Mr. Bolanos used a signing ceremony for a new U.S. aid package to Nicaragua to make an emotional appeal for CAFTA, a trade accord years in preparation that is in danger of being voted down in the House of Representatives.
A major priority of the Bush administration,CAFTA would eliminate trade barriers between the United States, Dominican Republic and five Central American states, including Nicaragua.(EDS: Four others: Costa Rica, El Salvador, Guatemala, Honduras)
The Senate approved CAFTA by a nine-vote margin late last month.
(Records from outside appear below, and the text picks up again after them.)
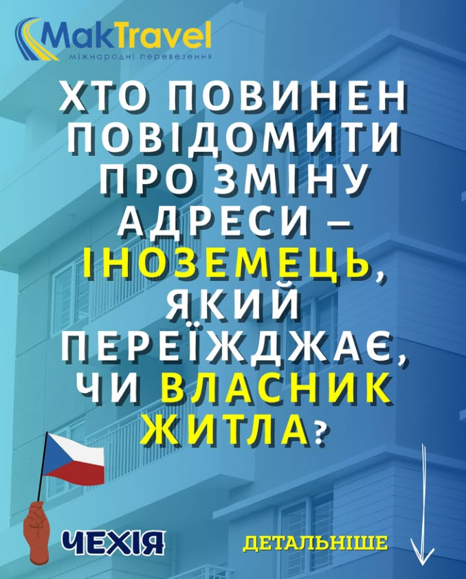 ⛔ Власник житла має окремий обов’язок — повідомити про проживання іноземців поліцію у справах іноземців (cizinecká policie). Він теж повинен зробити це протягом трьох робочих днів. Це окрема дія, яка не звільняє іноземця від обов’язку самостійно повідомити МВС про зміну адреси.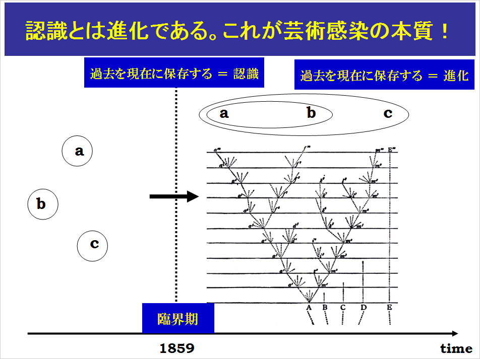 そうすると、ダーウインが進化論を思いついたというのは、二重の意味で進化です。 こちらの図(スライド11)の中では、二重の意味で過去が現在に保存された一つの絵になっています。 右側の図が、進化の系統樹。 もう一つは、それまで独立にバラバラな生物種として存在すると思われていたものが、どれもお互いに関係しあう生物種として位置づけることができた、それが横の時間軸です。 これも進化。 でも、こっちは実は認識。 進化を理解するには、認識を飛躍させていくしかないということです。 認識とは進化である。 この移行の瞬間というのが、実は、芸術の「感染」の瞬間ということです。 これ見ていただいて、「客体の理解を通して主体の理解が深まる」と書いています。 (前にも、この点に触れました。 )本当か?実は、本当です。 この絵とこの絵は同じ絵なのです。 )右側の絵を見た時は、いきなり違和感をおぼえますが、左側の絵は、単に右側の絵を反転させているだけです。 何が、本当のモナリザの絵と違うかというと、目と口が逆転しているのです。 さて、今の絵を小学校に行ってお子さんに見せた時、私の方がびっくりしました。 小学生は、見た瞬間に「気持ち悪い」といったのです。 もう種明かし分かっているのと聞くと、「だって、目と口がさかさま」という。 えー、大人はわかんないよ、と。 このように客体を通して、私たち主体のことがわかるのです。
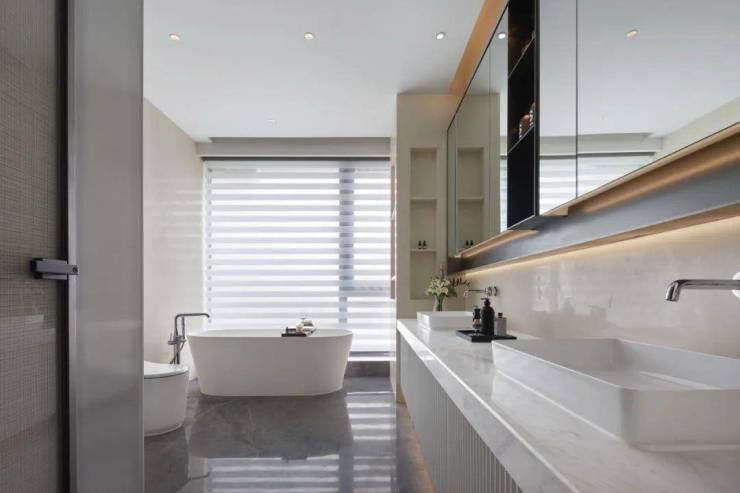 全屋智能家居系统,高级烤漆木饰面+全景落地窗,打造“低密大平层”标杆。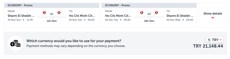 THY ile Şarm El Şeyh ➜ İstanbul ➜ Ho Chi Minh (Vietnam)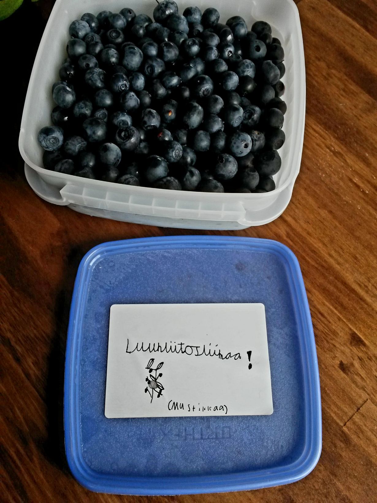 Mursin nilkkani pahoin ratsastusonnettomuudessa. Rakas kummipoikani keksi poimia supermarjoja, eli mustikoita luunliitosliimaksi, avuksi nilkkani luutumiseen. Kaunis ele nuorelta miehenalulta.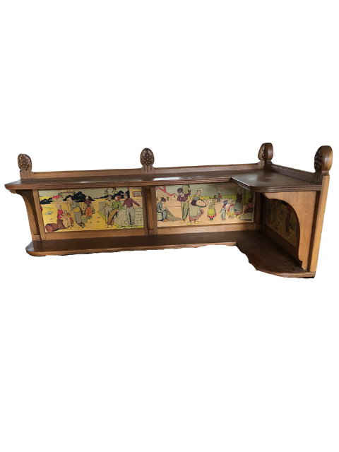 Etagère à fixer au mur. Très originale avec une frise de papier avec des scènes champêtres. Parfaite pour une chambre d’enfant.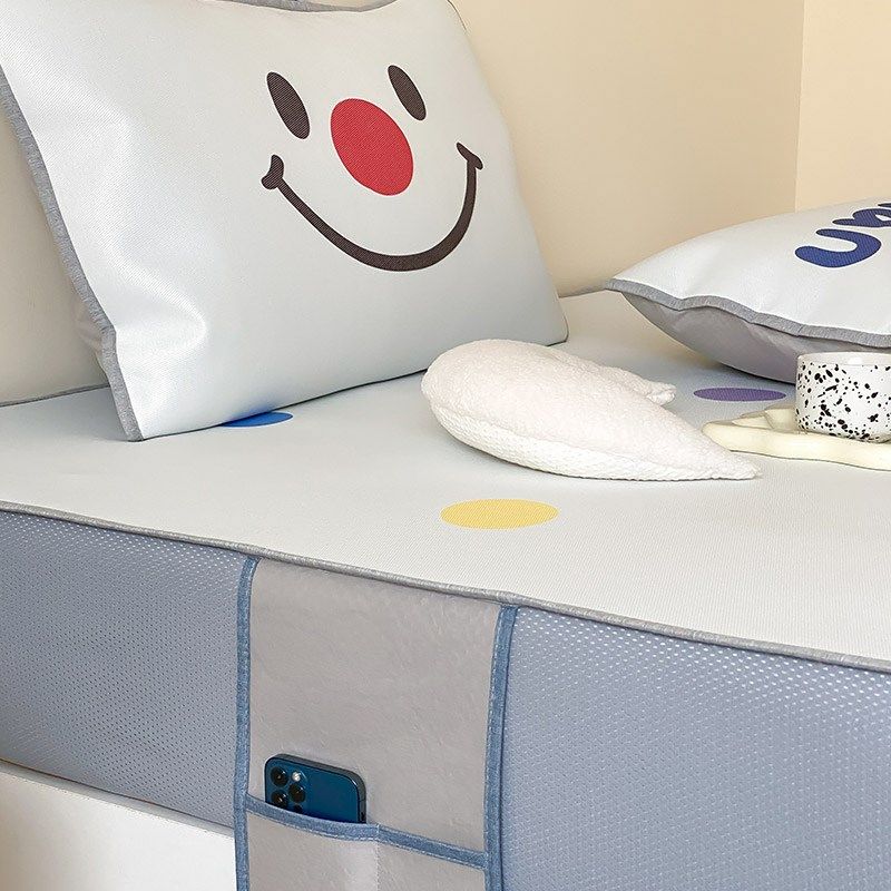 儿童可机洗夏季冰丝席凉席床笠三件套小清新凉感空调席子床上用品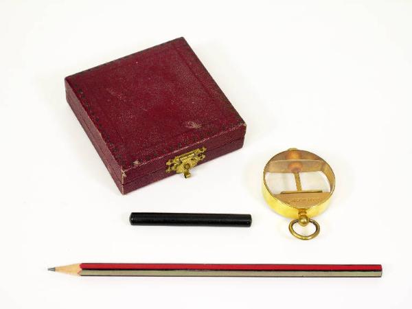 L'oggetto completo comprende lo strumento, una bacchetta di materiale sintetico (?) che si può caricare elettricamente e la scatola originale

But its prospects are unclear in the House, where many members - mainly Democrats - oppose it on grounds that labor and environmental protections are inadequate.
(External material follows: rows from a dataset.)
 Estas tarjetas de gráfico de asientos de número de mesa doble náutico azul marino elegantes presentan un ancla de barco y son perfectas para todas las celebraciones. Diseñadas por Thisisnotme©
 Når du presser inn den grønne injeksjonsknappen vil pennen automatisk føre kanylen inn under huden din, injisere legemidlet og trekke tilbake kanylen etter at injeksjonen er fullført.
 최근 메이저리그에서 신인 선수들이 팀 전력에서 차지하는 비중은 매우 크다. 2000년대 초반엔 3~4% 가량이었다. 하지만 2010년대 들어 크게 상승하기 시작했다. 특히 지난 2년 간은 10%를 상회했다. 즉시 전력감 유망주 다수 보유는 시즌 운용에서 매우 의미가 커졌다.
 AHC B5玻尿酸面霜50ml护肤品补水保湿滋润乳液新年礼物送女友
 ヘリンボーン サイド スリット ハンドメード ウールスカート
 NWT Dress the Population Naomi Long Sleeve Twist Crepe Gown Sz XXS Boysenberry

Presiding with Secretary of State Condoleezza Rice at the signing of a $175 million U.S. Millennium Challenge aid package for Nicaragua, President Bolanos said CAFTA is of paramount importance to the region.
He said Nicaragua's leftwing former Sandinista President Daniel Ortega, still influential in Nicaraguan politics, opposes CAFTA precisely because of its promise as an instrument of prosperity, security and the rule of law.
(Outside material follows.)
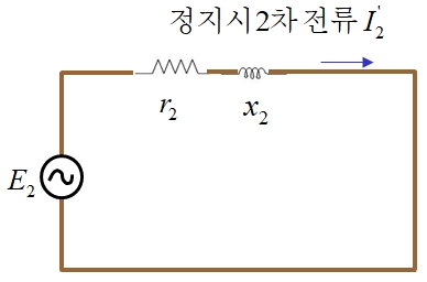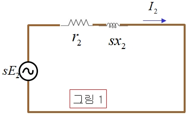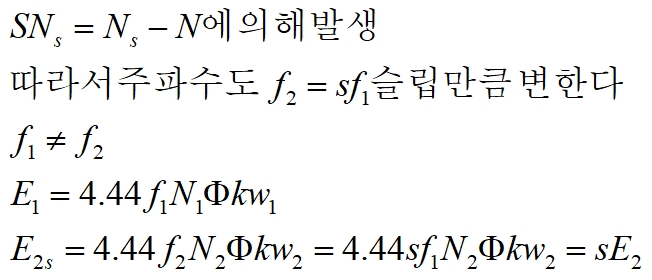 2차 회전자 권선에는 회전 자기장의 속도와 회전자의 속도 차에 의한 기전력이유도 된다.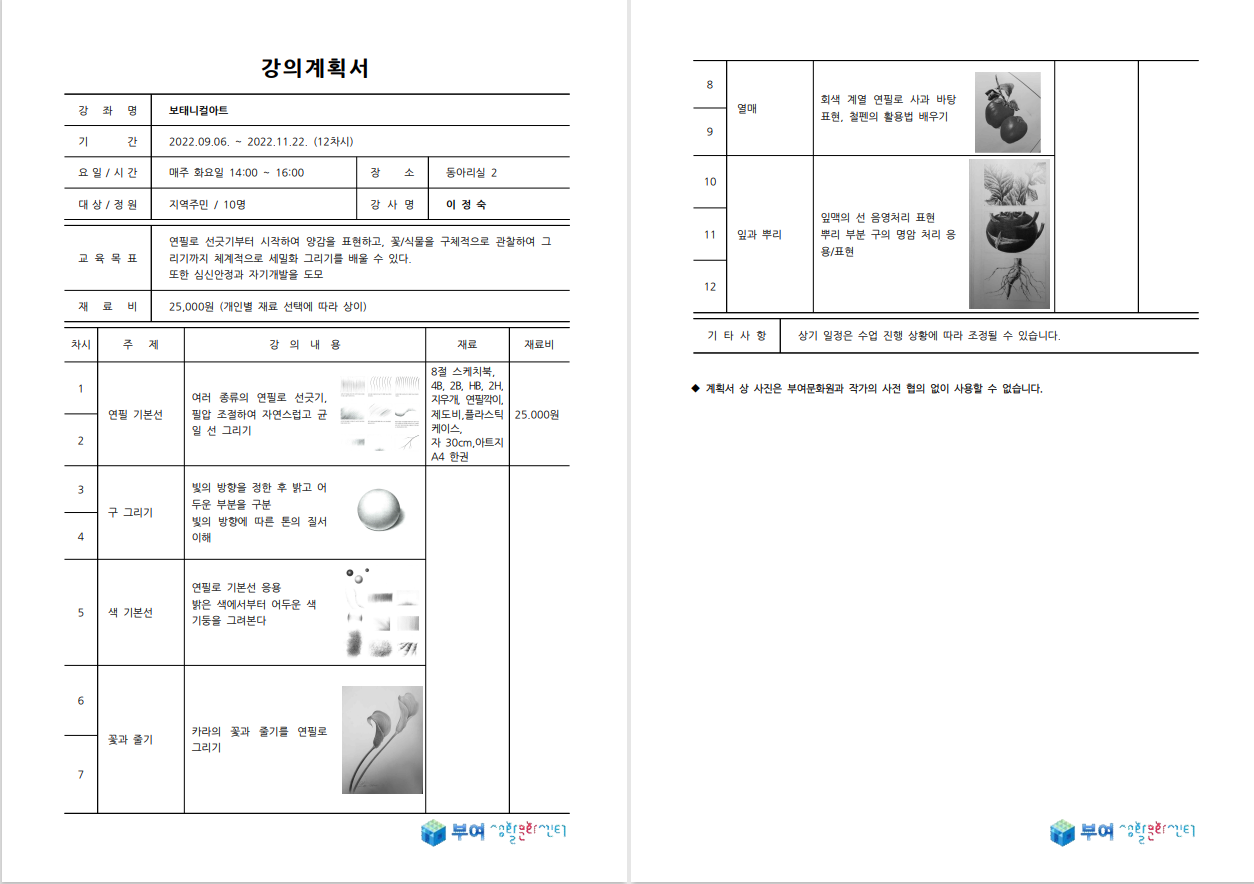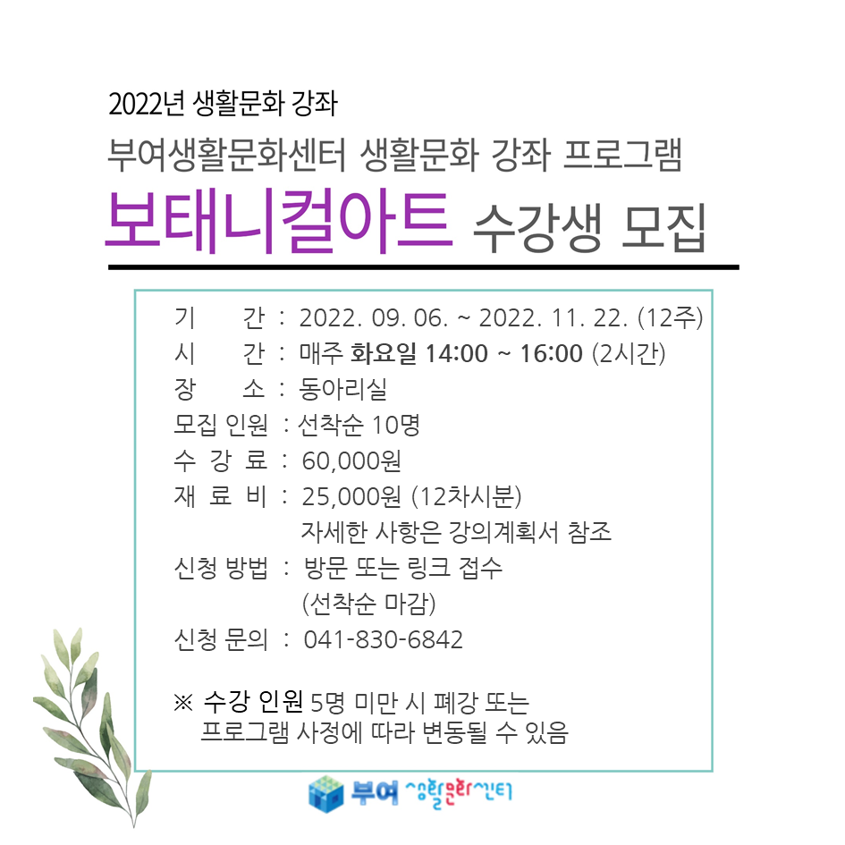 『 [2022년 생활문화강좌 보태니컬아트 수강생 모집] 』글의 상세내용을 확인하는 표로 제목, 작성자, 등록일, 조회, 첨부, 내용으로 나뉘어 설명합니다.

Mr. Bolanos said CAFTA is more than an economic issue but also one of security, and said its defeat could roll back progress made in Nicaragua and neighboring states since the political turbulence of the 1980's:
"CAFTA will consolidate the gains made by our region during the past 15 years in stabilizing democracy, the market economy, and a safe neighborhood for the U.S," he said. "If Congress were to send a message that the U.S. is now turning its back on the Central American region by rejecting CAFTA, the negative economic, political, and security implications of such a message will be difficult to assess."
House Republican leaders Thursday predicted CAFTA would be approved before Congress begins an August break. Democrats, though, said the measure was in trouble, largely because it cannot deliver the benefits to the U.S. economy claimed by its sponsors.
Nicaragua became the fourth country, behind Madagascar, Honduras and Cape Verde to conclude a Millennium Challenge compact with the United States.
The cornerstone of the Bush administration's foreign aid strategy, the Millennium Challenge grants are made to low-income nations that commit to good governance, market reforms and action against corruption.
The five-year $175 million grant to Nicaragua aims to increase the income of farm families in poor areas by reducing transportation costs and improving access to markets.
Secretary Rice said the aid package will allow Nicaragua to build on market reforms that have already given it the highest annual economic growth rate in Central America, in excess of five per cent:
"Development aid works best when it goes to countries that govern justly, open up their economies and invest in their people," she said. "The awarding of Millennium Challenge development funds to Nicaragua testifies to Nicaragua's strong commitment to advance in all of these key areas."
The Millennium Challenge program, begun in 2002, has been criticized in Congress for being slow to take shape, and it has received considerably less funding than the five billion dollars a year the Bush administration had envisaged by this time.
The Nicaraguan grant raised to $600 million the amount of funds committed under the program thus far. More than 30 countries, mainly in Africa, Asia and Latin America have been declared eligible for the program.